С отъездом Эндрю его мать осталась на мели. Ведь это только по рассказам Эндрю родители у него были богатые и продолжали жить вместе и скапливать для детей несметное наследство, а по факту Марианна была, по сути, нищенкой. В ноябре 1995 года Пит Кьюненен к тому же внезапно отозвал распоряжение перечислять ей свою военную пенсию в размере 650 долларов в месяц, поскольку деньги, по его словам, он давал только на завершение обучения Эндрю. Это лишило Марианну возможности оплачивать съемную квартиру, и уже в декабре она съехала, отправилась в Иллинойс, где жили к тому времени двое ее старших детей, и в скором времени устроилась там кое-как жить на социальное пособие.
Тем временем Эндрю наконец получил возможность наслаждаться роскошной жизнью во всей ее полноте. После стольких лет безуспешных поисков он наконец причалил к берегу земли обетованной — нашел человека, способного помочь воплотиться его мечтам. «В гей-сообществе Эндрю изыскал возможность распахнуть перед собой все двери, за которые поставил себе целью проникнуть», — восхищается другом Роббинс Томпсон. Норман наконец расщедрился в отношении Эндрю: оплачивал его кредитные карты, позволял разъезжать на своем новехоньком
«Переселяясь к Норману, он, в принципе, отдавал себе отчет, что всё это делается строго на финансовой основе, — говорит Роббинс. — Конечно, взаимная привязанность там тоже была немалая, тут даже вопросов нет. Но оба они были трезвомыслящие люди и ясно понимали, что происходит на самом деле». Однако Эндрю по-прежнему скрытничал относительно своей новой жизни и не любил признавать ни того, что больше себе не принадлежит, ни того, что его отношения с Норманом включают секс.

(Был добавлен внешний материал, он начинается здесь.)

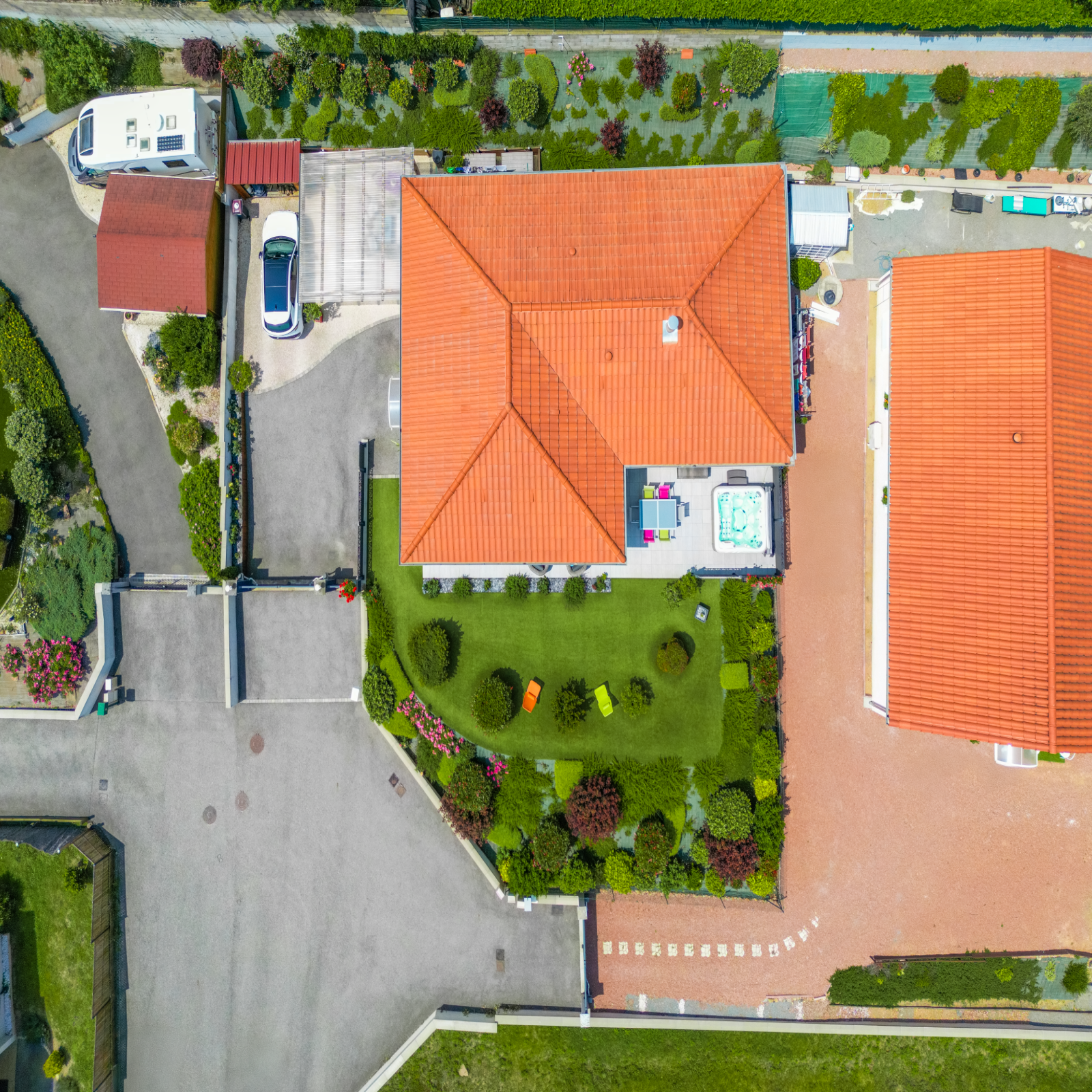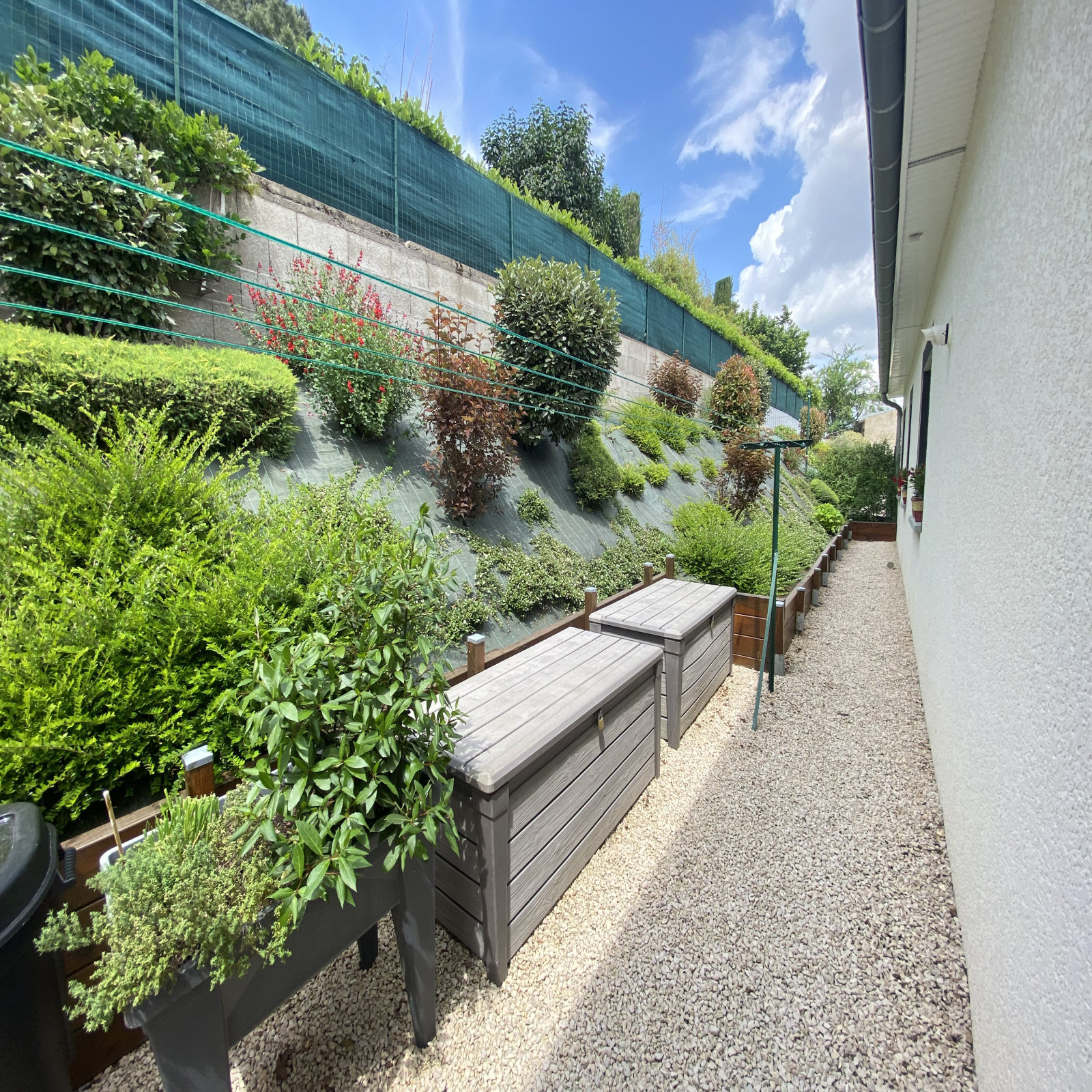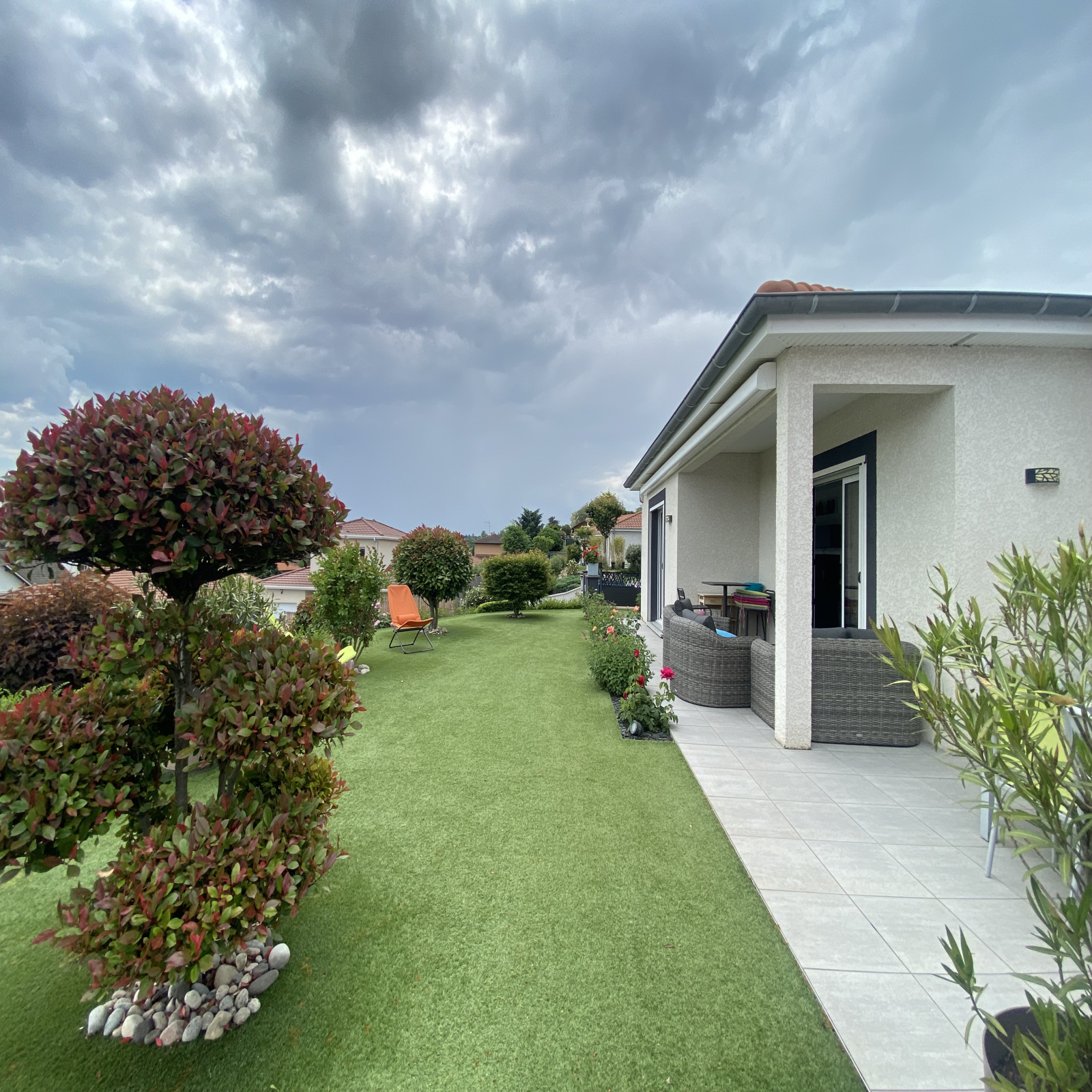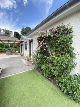 Agréable terrain de 634m² clos et paysagé avec de belles essences et sa pelouse synthétique nécessitant peu d'entretien, terrasse avec spa, cour en enrobée et gravillonnée, abri bois...

Попав в такую сладкую ловушку, Эндрю ни словом не намекал Норману ни о своих садомазохистских наклонностях, ни о привычке к порнографии, зато занялся обустройством быта, вспомнив о своих архитектурно-дизайнерских способностях. На устроенном Норманом коктейле, вспоминает один из гостей, Эндрю заявил: «Ненавижу жить прямо на набережной. Хотелось бы перебраться повыше, на гору Соледад». С этого высокого холма над бухтой Ла-Хойя с большим белым крестом на вершине открываются сказочные виды, особенно на закате. Не прошло и месяца, рассказывает этот приятель, как Эндрю похвастался ему: «Норман купил мне дом на горе Соледад». А коттедж на набережной, сказал Эндрю, они решили оставить себе для приема гостей. О чем Эндрю умолчал, так это о предыстории их нового дома: они переезжали в особняк, выставленный на продажу после смерти его предыдущего владельца, которым являлся не кто иной, как Линкольн Эстон.
Почти сразу же среди голубых сплетников пошли пересуды, рассказывает общий друг Нормана и Эндрю, сам не видящий ничего зазорного в этом поступке парочки. «Помню, — говорит он, — как они в компаниях перекидывались гордыми взглядами через всю комнату». Он допускает, что в кругу стабильных профессионалов и отошедших от активных дел пожилых богачей, в котором вращался Норман, где «крепкие пары повсюду путешествуют вместе и не распадаются по сорок пять лет», связь Нормана с Эндрю могла подвергаться осуждению как выходящая за рамки нормы: «Другой такой пары — богач и молодой красавчик — не было».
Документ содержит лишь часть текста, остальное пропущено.